___ Available data

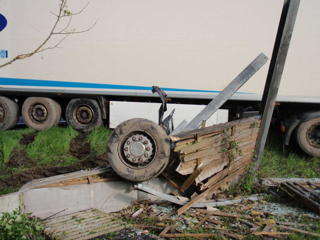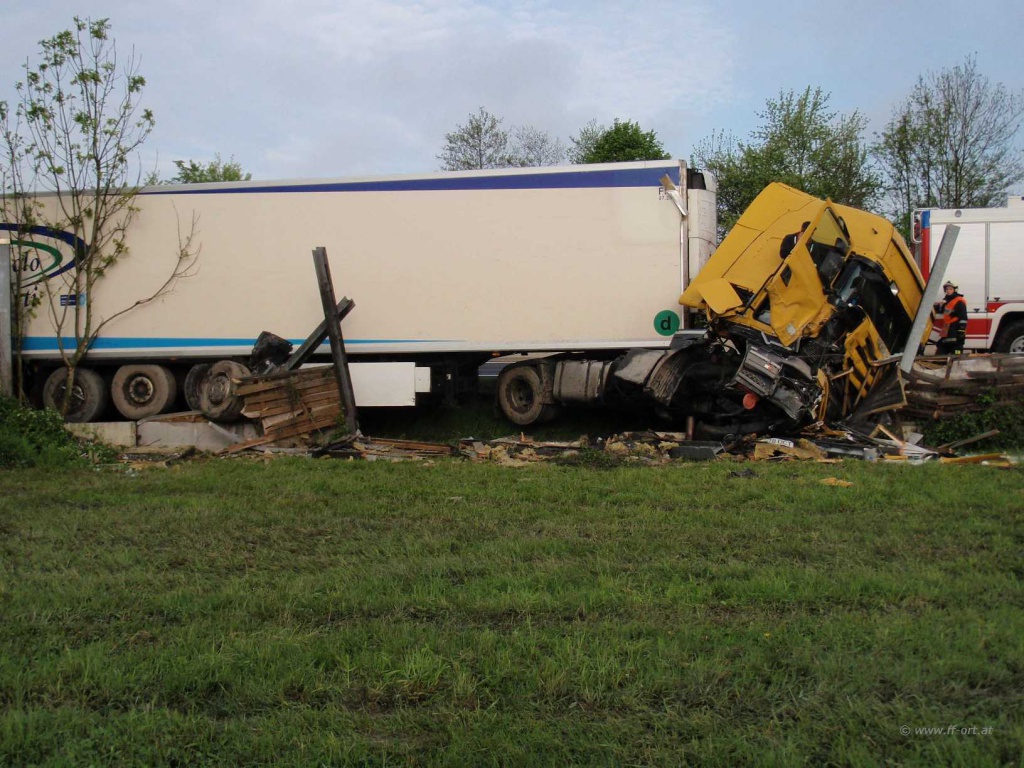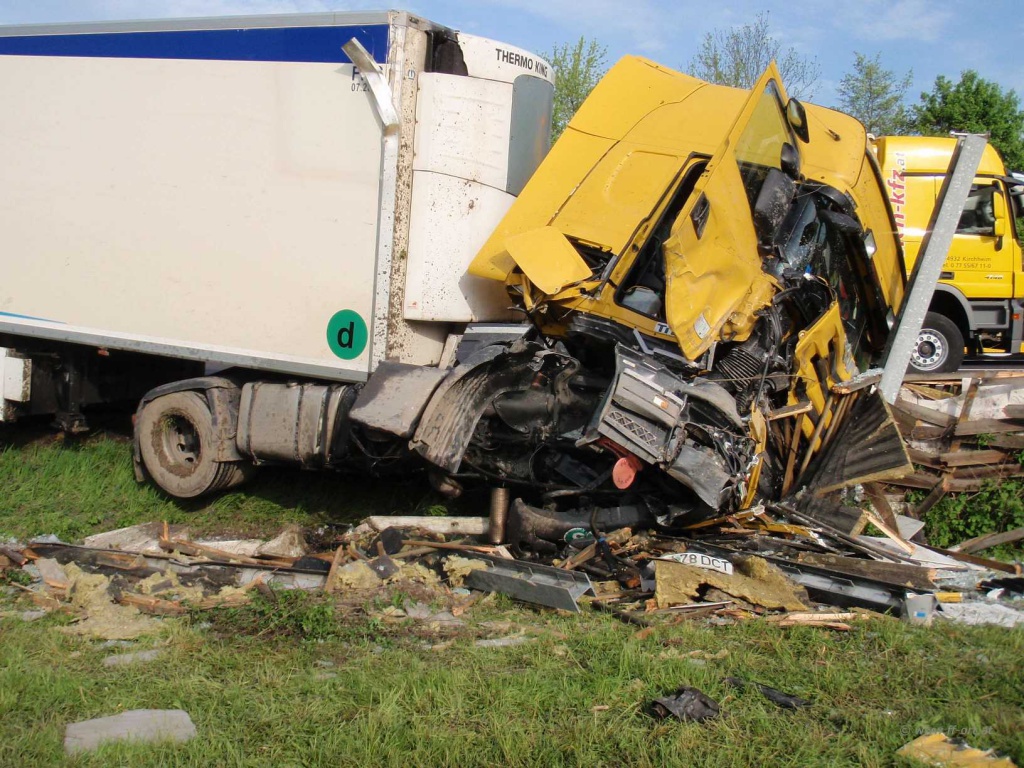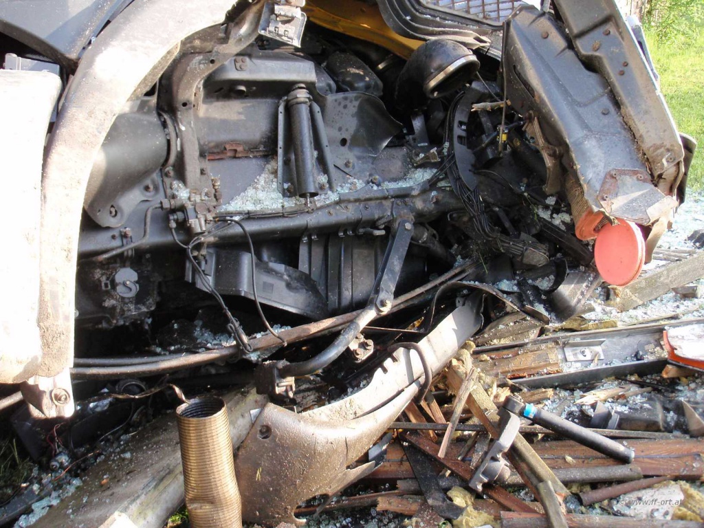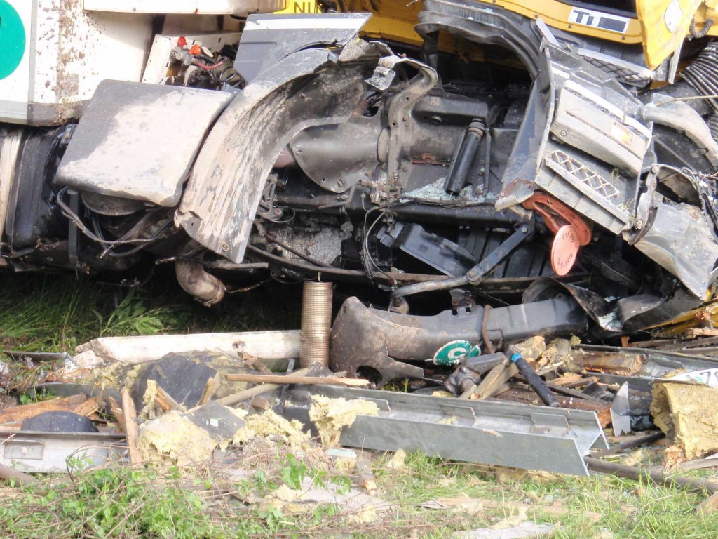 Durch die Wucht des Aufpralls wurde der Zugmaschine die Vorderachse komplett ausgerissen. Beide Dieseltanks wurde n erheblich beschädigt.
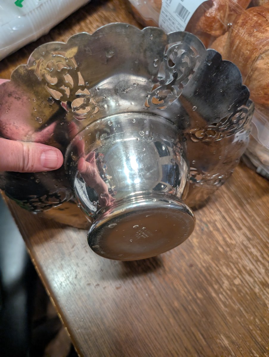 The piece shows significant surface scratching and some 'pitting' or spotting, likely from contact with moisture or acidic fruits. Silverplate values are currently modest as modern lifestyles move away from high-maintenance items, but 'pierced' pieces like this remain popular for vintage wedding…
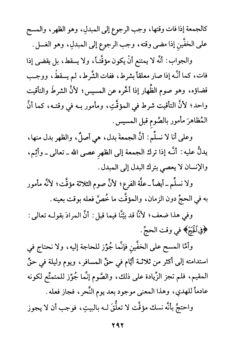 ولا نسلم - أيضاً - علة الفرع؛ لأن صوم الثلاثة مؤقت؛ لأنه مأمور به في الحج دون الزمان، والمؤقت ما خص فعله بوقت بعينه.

______

- **Task to complete**
All of the material above needs to be restated exactly, with no pictures.

- **Solution**
 Durch die Wucht des Aufpralls wurde der Zugmaschine die Vorderachse komplett ausgerissen. Beide Dieseltanks wurde n erheblich beschädigt.
 The piece shows significant surface scratching and some 'pitting' or spotting, likely from contact with moisture or acidic fruits. Silverplate values are currently modest as modern lifestyles move away from high-maintenance items, but 'pierced' pieces like this remain popular for vintage wedding…
 ولا نسلم - أيضاً - علة الفرع؛ لأن صوم الثلاثة مؤقت؛ لأنه مأمور به في الحج دون الزمان، والمؤقت ما خص فعله بوقت بعينه.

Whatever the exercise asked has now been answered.